Challenges at the start of a data project

As with my other posts, I am using the title "data scientist" loosely because titles are not consistently used across the industry so to me, it is a broad umbrella term that covers any type of work that requires one to perform a lot of data analysis or modelling.

There are many types of challenges (and when I say challenges, I meant them as issues/ questions for us to think about/ solve rather than roadblocks/ obstacles) a data scientist might face during his/ her course of work, present within each stage of the CRISP-DM (the CRoss Industry Standard Process for Data Mining) framework. Many also agree that 70% of the time is spent on data cleaning and 30% of the (finally exciting?) work is then spent on modelling. However I would say there are some exciting work at the start of a data project as well if we look at the Business Understanding phase within the 70%; getting to understand how the business work, the problems faced, and the data collected while working with different teams/ business functions is exciting to me.

CRISP-DM framework

1. What are the questions business have? Or what is the KPI business is trying to achieve?

2. What data do we have?
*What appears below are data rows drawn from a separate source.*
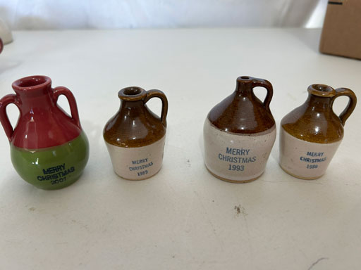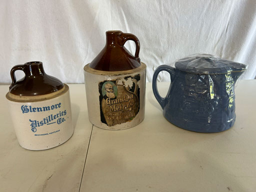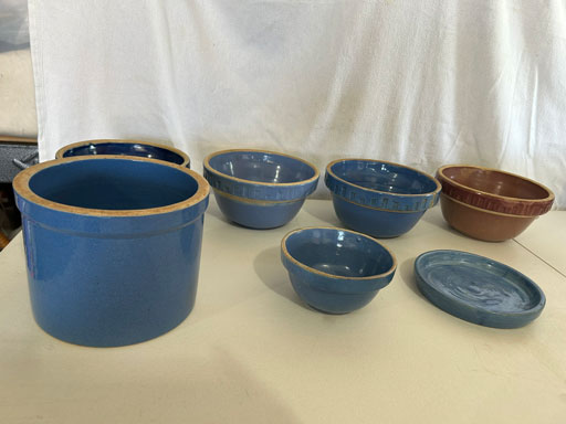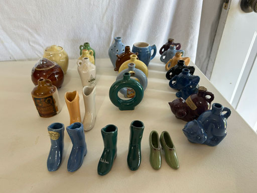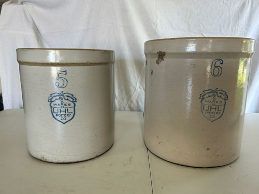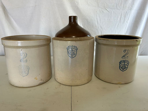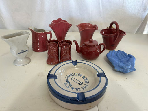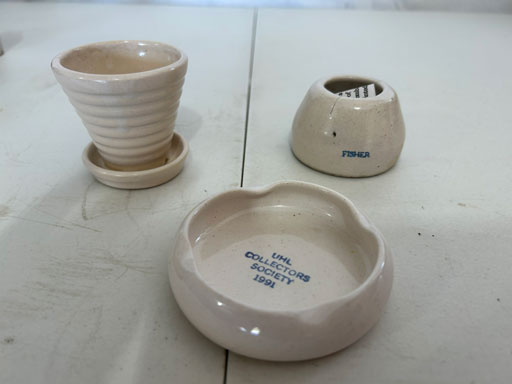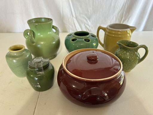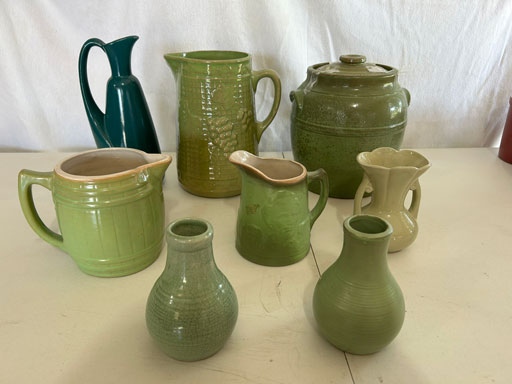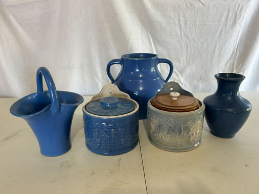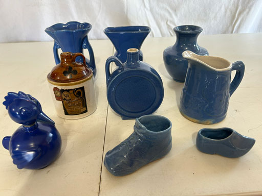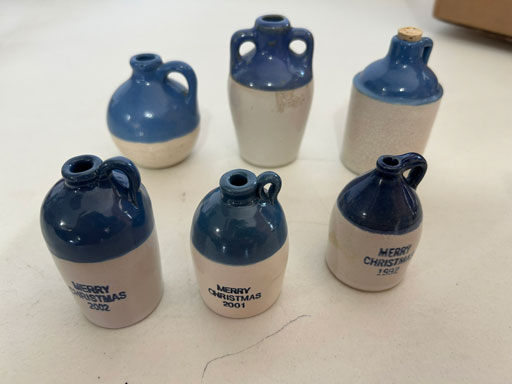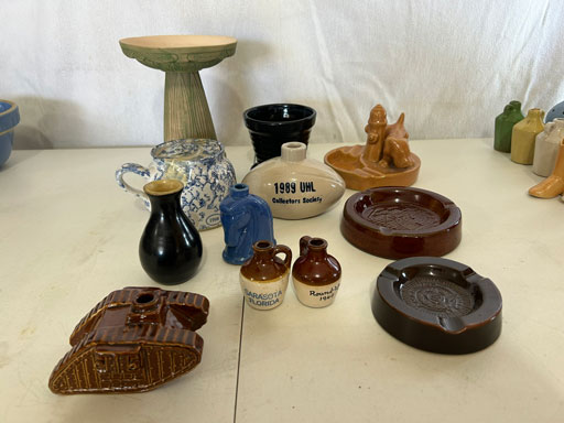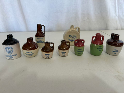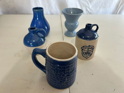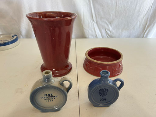 Blue & blue & white wall hung Salts w/lids; 2 – #2, 5 & 6 white crocks; #2 brown & white jugs; rose Scotty Dog food bowl; tan dog & hydrant ashtray; full size blue grape squat pitcher w/lid; blue tied baby shoe; blue 5” canteen jug; 8” bellied jar; 8” blue basket; green grape creamer; green #524 flower frog; Rose #528 casserole w/lid; black ribbed 4: planter; 2 white crock weights; green dbl. handle vase; 4 blue 9” & 4 7” picket fence mix bowls; 2 blue 8” plates; blue flower frog vase; 5 basket weave bowls in different sizes & colors; 6”, 8”, 10” picket fence bowls in different colors; 7”, 8” & 9” blue & white grape pitchers; blue open hands; 8” rose flower vase; 7 rabbit & baskets in different colors; pair rose baby shoes; green cookie jar w/lid; black & rose full size tea pots w/lids; 10” teal Grecian jug; 9” green grape pitcher. Miniatures: Brown Army tank; Fisher ink well; 2 blue & white storage jars w/lids; 2 blue & white churns; horse head jug; pair green slippers; pair green State Fair boots; pair blue boots; tan & white Military boots; 3 octagon jugs; rose 2 cookie jars w/lids; 3 ring jugs; 5 elephant jugs; 2 cat jugs; brown canteen jug; 4 mini barrel mugs; white ribbed flower planter; 1940 Roundup jug; #2 blue Dutch shoe; 4 mini jugs in different styles; 4” blue grape mug. Advertising: Blue & white Cannelton Sewer Pipe ashtray; 2 mini Grandpa Meiers jugs; Huntingburg Legion brown ashtray; Meiers Wine Stube brown ashtray; half gallon Grandpa Meiers jugs; Glenmore Distillery quart jug. Hand Turned: Speckled tan thumb print jug; blue 7” – 3 handle jar; green creamer; green bowl; green vase; black mini vase; green 5” vases; rose 4 dimple vase. Christmas Jugs: 1930, 1937, 2 – 1939, 1940, 1941, 1942 Christmas Jugs; Greetings From Uhl Pottery mini Prunella jug; Greetings From Uhl Pottery mini canteen jug; 2001 green & rose Merry Christmas jug; 1992, 2001, 2002 blue & white Merry Christmas jugs. Commemoratives: 1988 & 2001 blue & white mini canteen jugs; 1991 white mini ashtray; 1994 Dillsboro mini jug; 1995 blue & white churn, complete; 1998 spongeware bean pot w/lid; 1989 football; 1989 & 1993 jugs; 2002 blue & white spongeware Acorn ashtray; 2007 Happy Mothers Day rose basket & tea pot; 2009 blue & white spongeware Lincoln plaque; 2017 Home Sweet Home pitcher; 2021 blue chicken; white fan vase; green & tan bird bath. Lincoln Pitchers: 4” blue Lincoln pitcher; Lincoln creamer; 2 blue & 1green 5”Lincoln pitchers. Vases: Rose & blue #157 fan vases; 3 – 5” blue vases; green #203 vase; blue 7” vase; green dbl. handle vase; #156 blue vase w/handles.
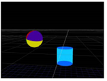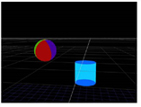 Another use of the TransformGeo node is to have the rotation of one object depend on the position of another so that the first object is always rotated to face or “look at” the second one. For example, you can have a sphere object always facing a cylinder object, regardless of the cylinder’s position. When the cylinder is moved to a new position, the sphere is automatically rotated to face it.
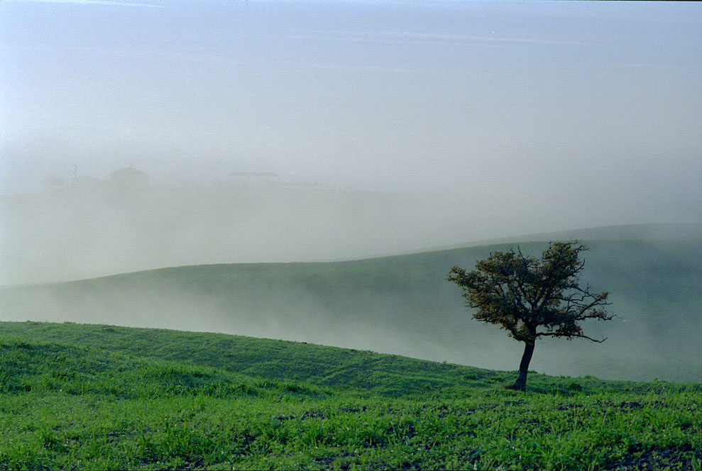 Piani che si rincorrono, scampoli di realtà che fanno capolino dalla lieve foschia ed il soggetto, di una autosufficienza quasi allegorica, che si staglia ombroso in primo piano.
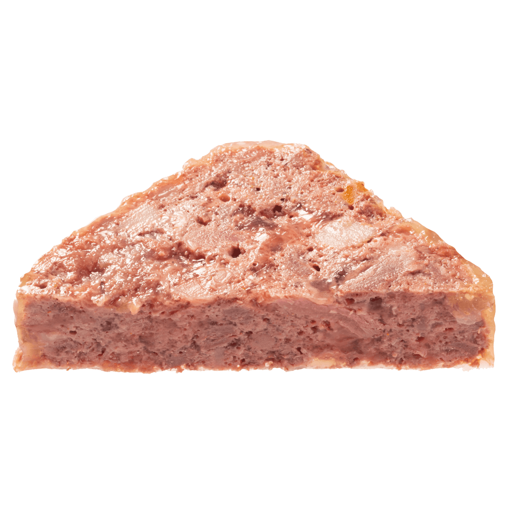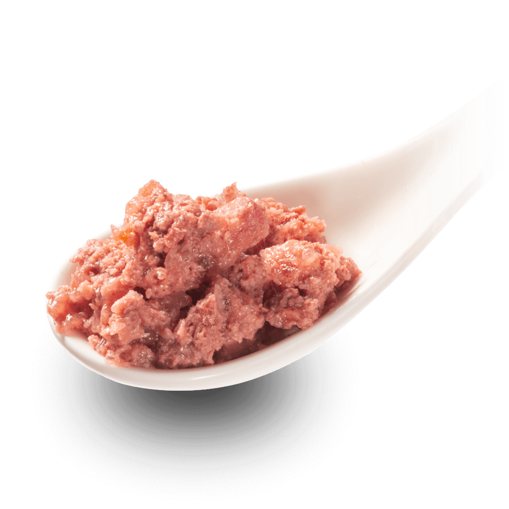 turkey meat and coney meat 65% (turkey 50% consisting of muscle meat, heart, liver and coney 15% consisting of muscle meat, heart, liver), turkey and coney broth 26,4%, potato 2%, parsnips 2%, carrots 2%, pomegranate seeds 1% (dried and finely ground), mineral nutrients 1%, salmon oil 0,5%, green-lipped mussel 0,1% (finely ground, naturally rich in glucosamin and chondroitin)
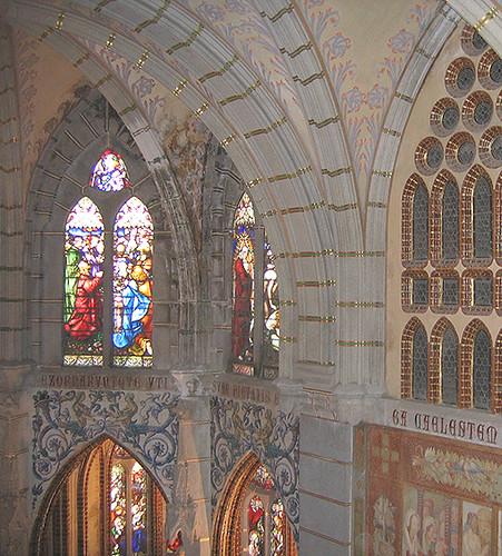 La cubierta de la construcción toma la forma de cruz griega a dos aguas con piezas de pizarra. Son notables los “arcos de huevo” del pórtico, los huecos abiertos en arcos en forma de hilos y los calados de la barandilla del pórtico y del remate de todo el edificio a su alrededor copiados del repertorio ornamental de Viollet le Duc. El arquitecto Guereta que se hace cargo posteriormente de las obras se ajusta a los planos iniciales. El granito blanco y la pizarra de la cubierta resaltan en el exterior sobre la rosácea piedra de la Catedral.
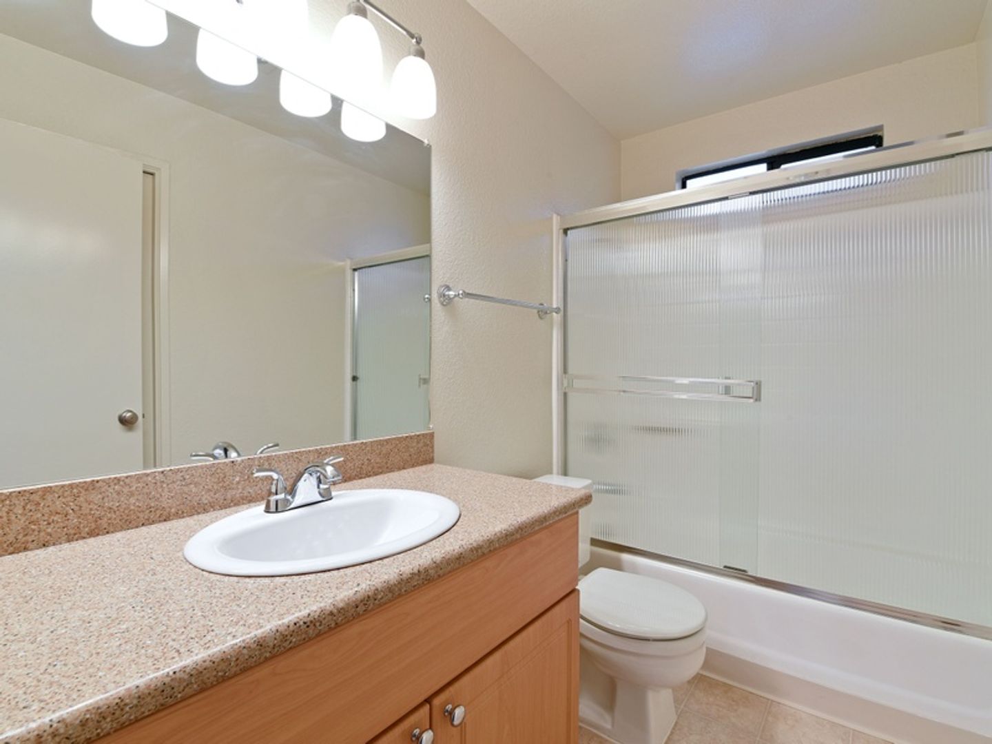 • Well-appointed bath(s) with vanity, chrome plumbing fixtures and easy-care tub/shower surround with glass enclosure

Where do the data come from? (We want to know if the data is going to be consistently available/ if we can rely on this source to ensure up-to-date information or analysis.) What can we do with the data we have?

3. What data do we need? What kinds of analysis can we then do if we have those data (or else what can we only do?)

During this phase, we can also help think if there's any way to get the data we want more readily as well as innovate on the various methodologies that can be used to analyze the data, through research.